小橋 昭彦 2002年12月19日

 一夫一妻制とは何と尋ねられて、あらためて悩む。一匹の雄と一匹の雌が一定の期間つがいでいることと定義はできるが、どのくらいの期間かというと明確な規定は見つからず、では夫なり妻なりが浮気した夫婦は一夫一妻かと問われると、言葉につまる。
 そもそもオスとメスがあるから、惚れた振られたくっついたまたかけたとややこしい。なぜ単性の細胞分裂で繁殖しないのか。仮にオトコとオンナ以外にオントという性があって、三者が揃わないと子孫を残せないと想像すればわかるように、遺伝子を残すためには性はむしろやっかいで効率が悪い。ひとりだけでできる細胞分裂が確実だ。
 それなのにオスとメスがあって、両者の遺伝子を交わらせるメリットは何か。このところ評判の高いのが「赤の女王仮説」だ。オスとメスの遺伝子を混ぜ合わせることによって、遺伝子の構成を変え続けていくことが本質だという説。われわれは原虫類や病原菌、ウィルスなど、多くの寄生者に取り囲まれて生きている。それら寄生者は常に進化し、新しいタイプが生まれている。それぞれごとに対策を立てても間に合わないので、われわれとしてできることは、たえず自らの構造を変化させ、寄生種が進化したときにも耐えうる可能性を残すことしかない。
 赤の女王というのは、ルイス・キャロルの『鏡の国のアリス』に登場する走り続けるキャラクター。なぜ走るのと尋ねられ、「同じ場所に留まるためには、力の限り走らなければならない」と答えている。われわれがわれわれであり続けるために、オスとメスがあり、交わることで新しい可能性を生み出し続けるというわけだ。
 せわしない年の瀬にこんな話を思い出すと、なんだか体の隅々までよけいにせわしなさを感じて、ふとアリスと同じセリフを返したくもなる。「そんなに走りたいとは思いません」と。それでもやはり、明日には向かわないとね。

6 thoughts on “赤の女王

  1. 似たような話として、お勧めは「竹内久美子」さんのシリーズです。
    「そんなバカな!」「浮気人類進化論」
    「小さな悪魔の背中の窪み」「パラサイト日本人論」
    「もっとウソを!」「BC!な話」
    「浮気で産みたい女たち(旧題:三人目の子にご用心!)」
    「シンメトリーな男」「私が、答えます」

    利己的遺伝子(Selfish Gene)を中心に
    どうしてオトコとオンナは違うのかあたりを面白く
    書いています。

    最近文庫本になったアランビーズ・バーバラビーズの
    「話を聞かない男、地図の読めない女」は、
    大脳生理学面から、面白く書いていてこれもまた
    参考になるでしょう。

  2. いま気づいたのですが、オトコとオンナとオントという3種類の性があったとしても、遺伝子のバリエーションを増やして子孫を残すには、「三者が揃う」必要はありませんね。どの性とくっつくかの選択肢が増えるということで。発想が固まっていました。
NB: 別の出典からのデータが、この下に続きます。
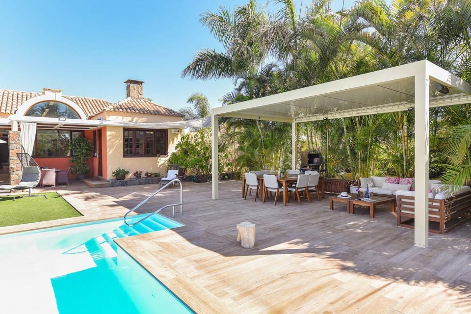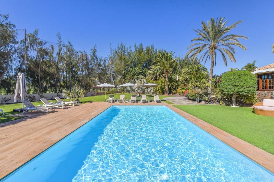 Villa Princesa Royal er et must-see! Beliggende lige midt på Maspalomas' 18-hullers golfbane, er det et paradis for golfspillere. Spil et par spil med venner eller familie, inden I vender tilbage til villaen til en fest under åben himmel. Vi elskede terrassen med den store opvarmede* pool i centrum og flere chill-out-steder at vælge imellem. Du kan læne dig tilbage, slappe af og nyde stilen, mens du nyder solskinnet og et par glas af den lokale drink, hjemmelavede cocktails eller frisk frugtjuice.
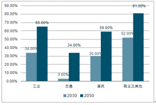 2030-2050年國(guó)外各部門(mén)電能替代占能源消費(fèi)比重預(yù)測(cè)
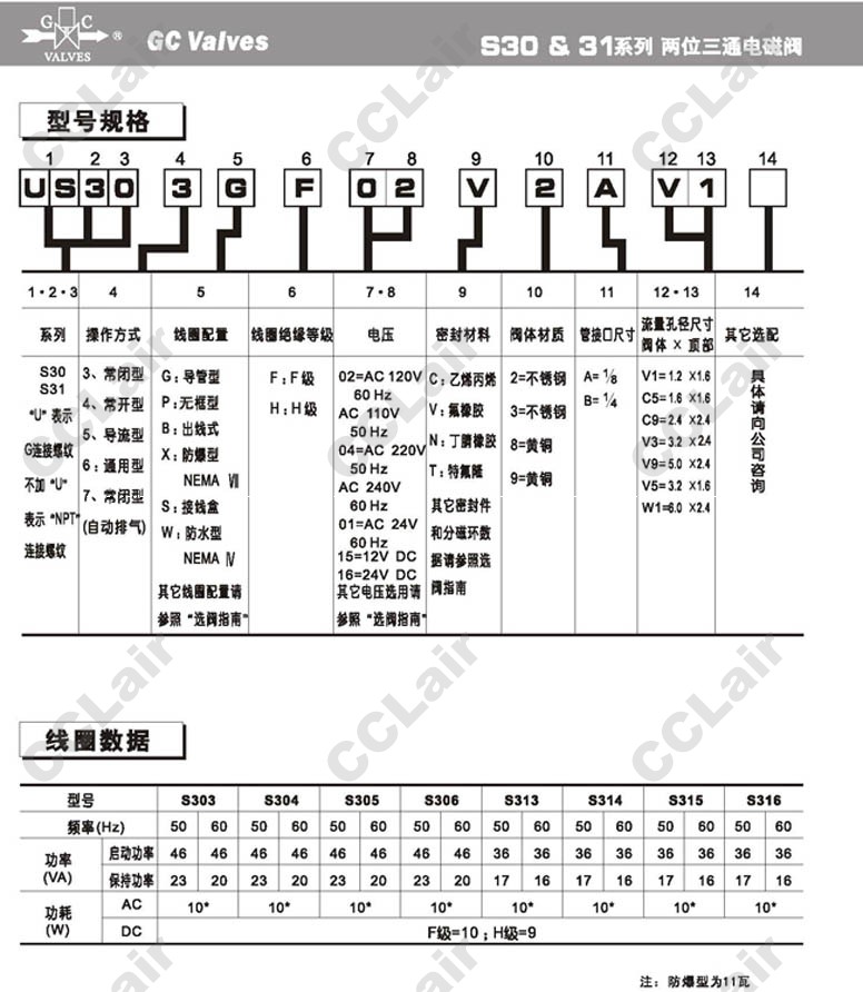 S303GF02C2AV7,S303GF02C2AV9,S303GF02C2AW1,GC Valves S303GF02C2BV1,S303GF02C2BC5,S303GF02C2BC9,
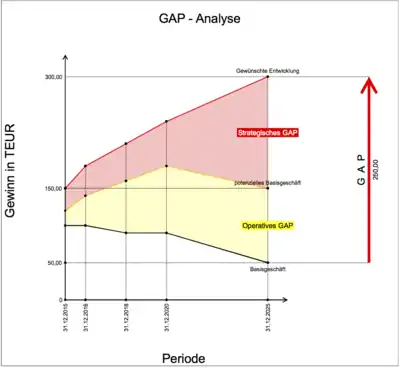 - مشارکتکنندگان ویکیپدیا. «Gap analysis». در دانشنامهٔ ویکیپدیای انگلیسی، بازبینیشده در ۹ اکتبر ۲۰۱۷.
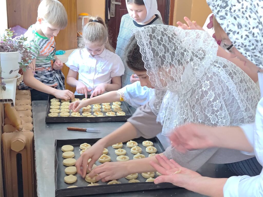 Затем детей ожидало особое и радостное занятие — участие в приготовлении постного печенья с изображением креста. В христианской традиции существует благочестивый обычай на Крестопоклонной неделе печь печенье с изображением креста как напоминание о поклонении Честному и Животворящему Кресту Господню.
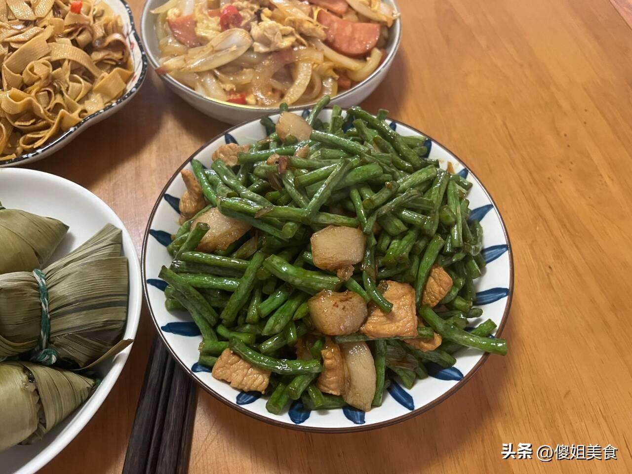 先把豬肉煸炒出油脂,再放入蔥花、小米辣炒香,隨後倒入豆角快速的翻炒,倒入1勺味極鮮、少許雞精和鹽調味,大火快速的翻炒,把豆角炒軟爛。簡單一炒豆角鮮美入味,一大盤子都喫光了。

    #南上さん、ありがとうございます。竹内さんの著書、確かにおもしろいですね。

  3. 「アリス」は子供も大人もいろんなふうに読めて、ほんとにすごい童話ですね。詩人の吉岡実氏が生前、衝撃的な本として上げていたのを思い出します。
    なるほど赤の女王ですか。動きまわるもの(精子)と動かぬもの(卵子)との組み合わせ。
    南上さんにケチをつけるようで申し訳ないのですが、竹内久美子さんはどうでしょうか。読み物としては面白いのですが、内容はあまり信用しないのがいいのでは?と私は思っているのですが。気を悪くされたらごめんなさい。

  4. かなり昔に読んだので記憶に自信はないのですが、確かアイザック・アシモフの「神々自身」に、3つの性を持った生物が出てきたように思います。この生物の場合は、3者が揃わないと子作りができない設定だったと思いますが。

  5. 藤島さん、ありがとうございます!

    いやあ、ぼくもどこかで読んだと感じていたのですが、『神々自身』は既読だし、たぶんそれだったのでしょうね。SFにはほかにも3つの性が登場する作品がいくつかあるようですね。